==== AVAILABLE RECORDS ====

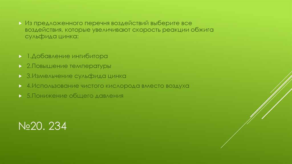 Из предложенного перечня воздействий выберите всевоздействия, которые увеличивают скорость реакции обжига
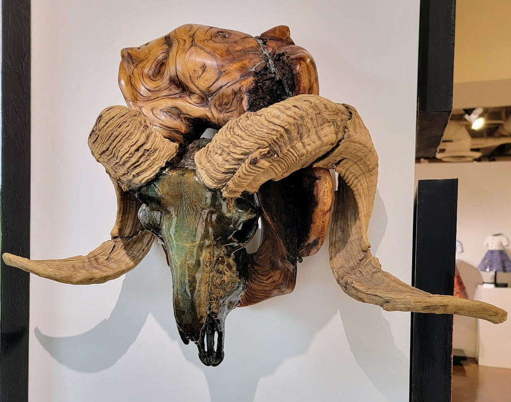 Medium: Ram Mount, Resin, Turquoise, Ironwood
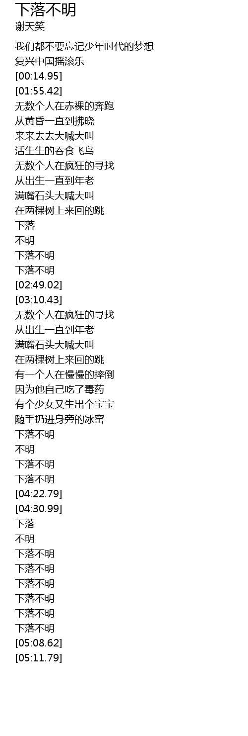 | [05:00.05] | 下落不明 |
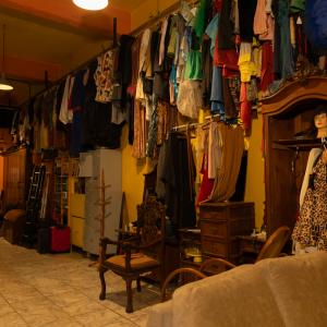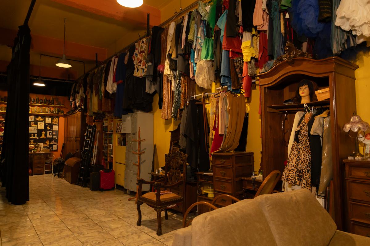 Espaço adaptado, reservado, com espelho e bancada de aproximadamente 3 metros, cadeiras, araras, sofá.
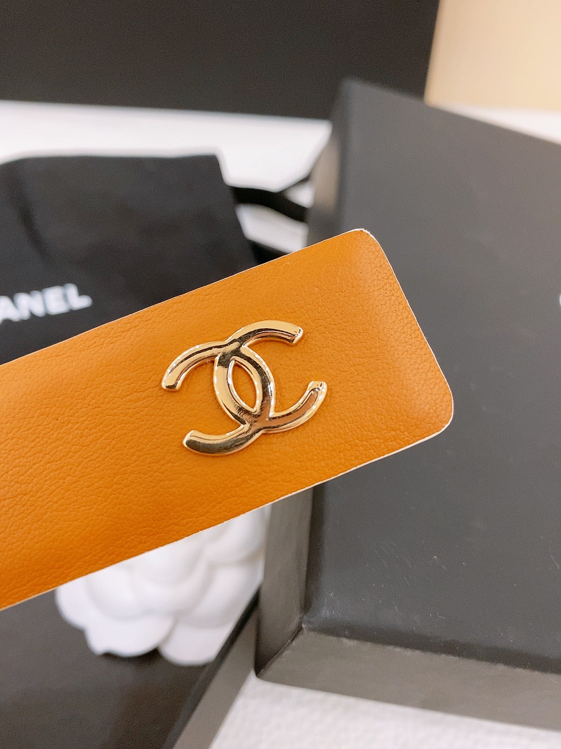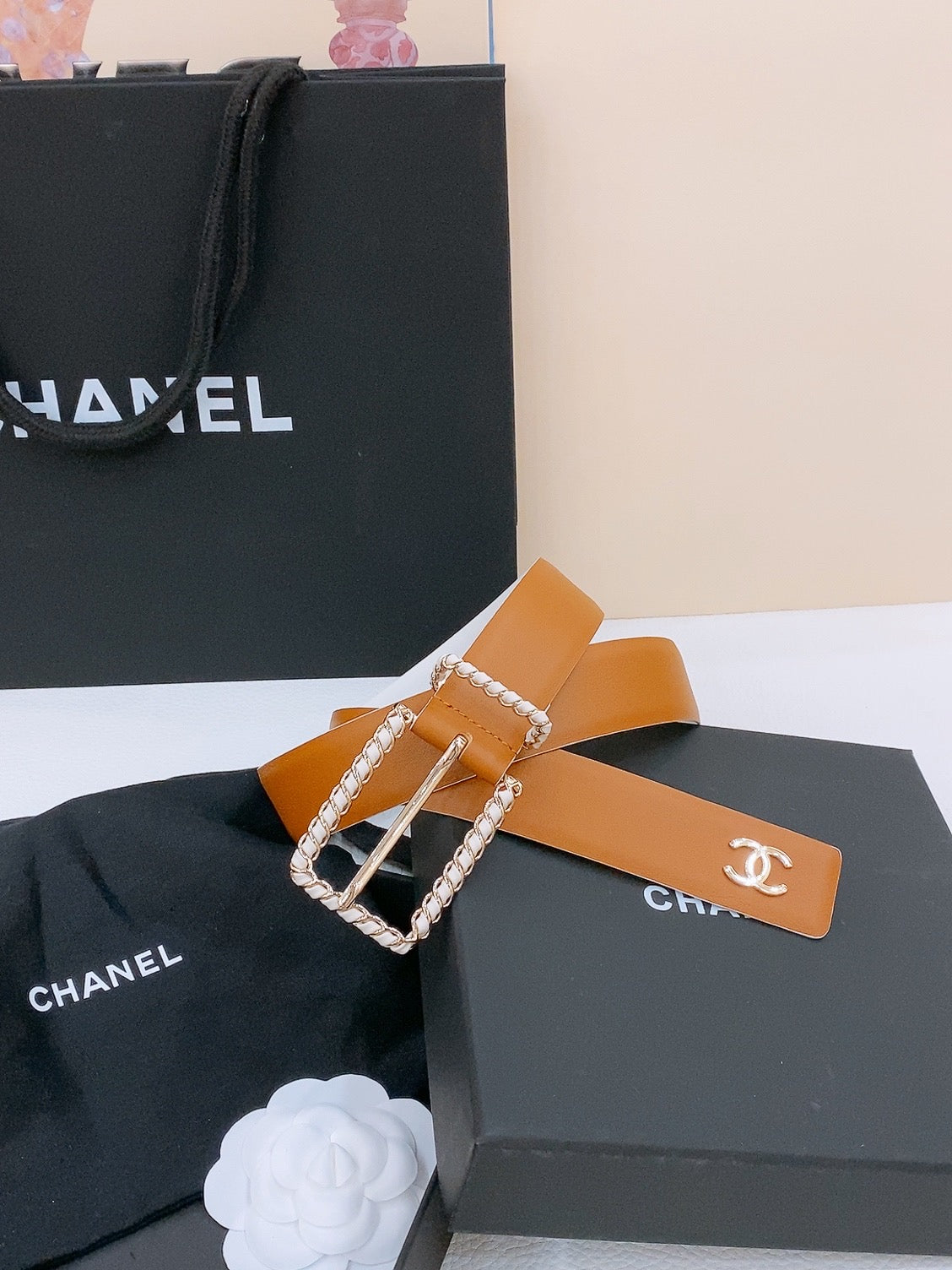 BELT 30MM IN BROWN AND WHITE CALFSKIN WITH INTERWOVEN GOLD CHAIN BUCKLE
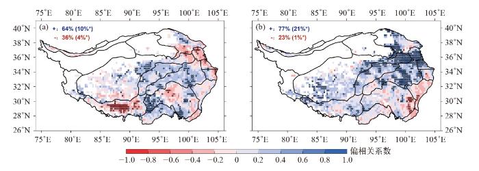 2000—2022年去趋势的青藏高原地区生长季平均NDVI与平均日最高气温(a)和累积降水量(b)的偏相关系数的空间分布

====

### TASK ITEM:
Output, line for line and exactly, the records above from their first line through the one with "Espaço adaptado, reservado, com", both ends included, but no pictures.

### ANSWER TO THIS TASK:
 Из предложенного перечня воздействий выберите всевоздействия, которые увеличивают скорость реакции обжига
 Medium: Ram Mount, Resin, Turquoise, Ironwood
 | [05:00.05] | 下落不明 |
 Espaço adaptado, reservado, com espelho e bancada de aproximadamente 3 metros, cadeiras, araras, sofá.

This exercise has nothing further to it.